I noted a small blip in a story by Rick Lyman at the New York Times about the newly released census data. It seems that another 1.3 million people lost health insurance between 2004 and 2005. That brings the 2005 total to 46.6 million Americans without health insurance.
I figure that pretty much all the poorest Americans already had no health insurance. The latest 1.6 million most likely represent a continuing expansion of the uninsured middle class.

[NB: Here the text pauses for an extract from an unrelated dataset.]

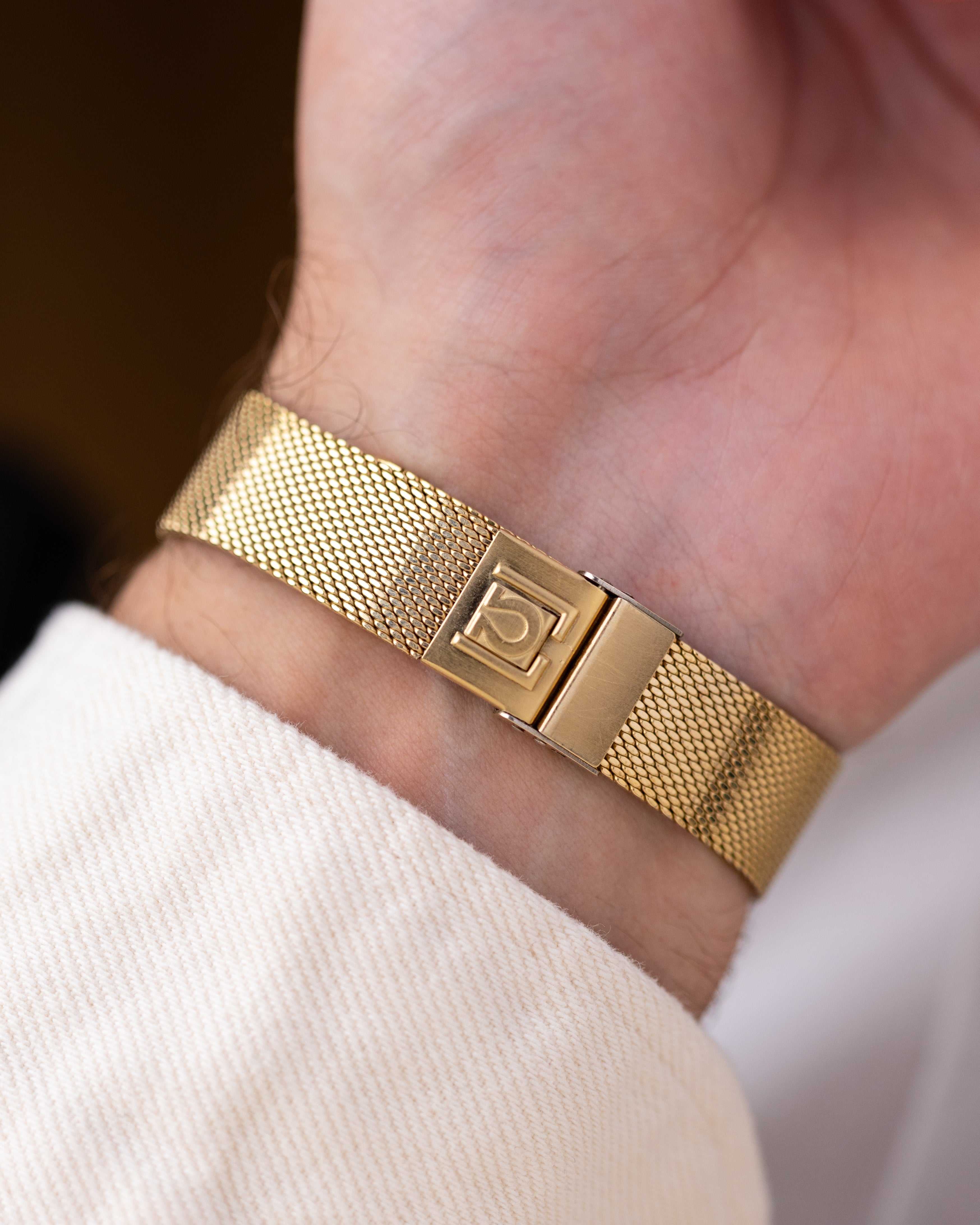 This 1978 Omega De Ville Quartz is a sleek and elegant example of late-‘70s Swiss design. With its 10k gold-filled case and integrated bracelet, this model reflects the clean lines and slim profiles that defined the De Ville range during the quartz era.

With "medical bankruptcy" having entered the lexicon in the past year, this new stat makes me pause to think about risk. I just did an interview about this with Karen Springen at Newsweek. On the research side, papers with Melissa Jacoby and Debb Thorne (both on this blog) and David Himmelstein and Steffie Woolhandler (both Harvard Medical School) show that health insurance is no guarantee that someone won’t end up in financial collapse following a serious medical problem. But insurance makes a difference on where the tipping point occurs. For the uninsured, the $11,000 hospital bill following a slightly dodgy appendectomy spells financial doom. For the insured, it may take a more serious round of surgery and rehab after a bad fall to hit that same $11,000 in uninured costs out of a total bill of $50,000. Of course, either group can be beaten up financially by time lost from work. This is all just a question of vulnerability by degrees.
With the changes in the bankruptcy law making many people feel that the option has become too expensive or too difficult to accomplish, what will happen to the 1.6 million newly uninsured? Many won’t get sick, and others who get sick won’t seek medical care. But for some, modest medical problem will put them in a financial hole from which they can never recover. If they don’t go to the bankruptcy courts, what will happen to them?